Aims: Thorough QT studies (TQT) evaluate the QT prolonging effect of drugs and consequently their potential proarrhythmic risk. These studies require meticulous ECG analysis; automatic QT interval measurements are usually overread by experts and adjusted if necessary. Our study aimed to provide a QT Interval Inaccuracy index (QTI) to automatically identify inaccurate automated QT interval estimations.
Methods: 12-lead ECG recordings and their manual interval measurements were obtained from 2 TQT study databases in PhysioNet (ECGDMMLD and ECGRDVQ). We derived 268 single-lead features that might relate to the accuracy of automatic QT intervals computed by convolutional neural network (CNN) based QT estimators previously trained on our own ECG database. Using these features (inter-estimator QT variability metrics, CNN-derived ECG characteristics, estimator confidence levels), classification of accurate and inaccurate automatic QT intervals was performed with a regularized logistic regression algorithm trained on the ECGDMMLD database. The QTI was then defined for each ECG recording as the average probability of the QT being inaccurate across the 12 leads (0 ≤ QTI ≤ 1).

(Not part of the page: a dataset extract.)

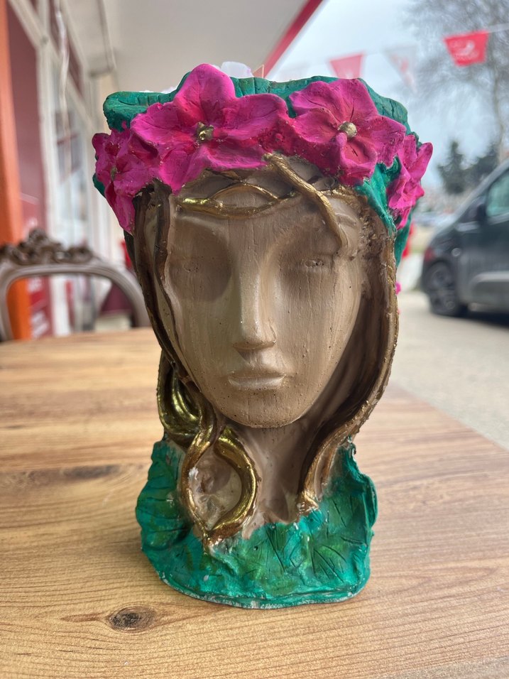 Parlak pembe çiçek detaylı, yeşil ve altın tonlarında süslemeye sahip kadın yüzlü saksı içerisinde gül aromalı mum vardır

Results: With a QTI threshold of 0.5, 44% inaccurate automatic QT intervals were identified in the ECGRDVQ database. Better estimates of the drug-induced QTc changes were obtained by correcting these QT intervals. The QTc prolongation obtained with this semi-automated method differed from the manual one by on average 2.9 ms (std = 1.2 ms) across the 4 drugs studied, compared to 23.2 ms (std = 20.0 ms) for the fully automated method.
Conclusion: The QTI allows a more accurate and robust analysis of ECG signals from TQT studies. The proposed QTI technique is closely linked to the performance of the CNN-based QT estimator; improvement of the latter would require retraining of the QTI.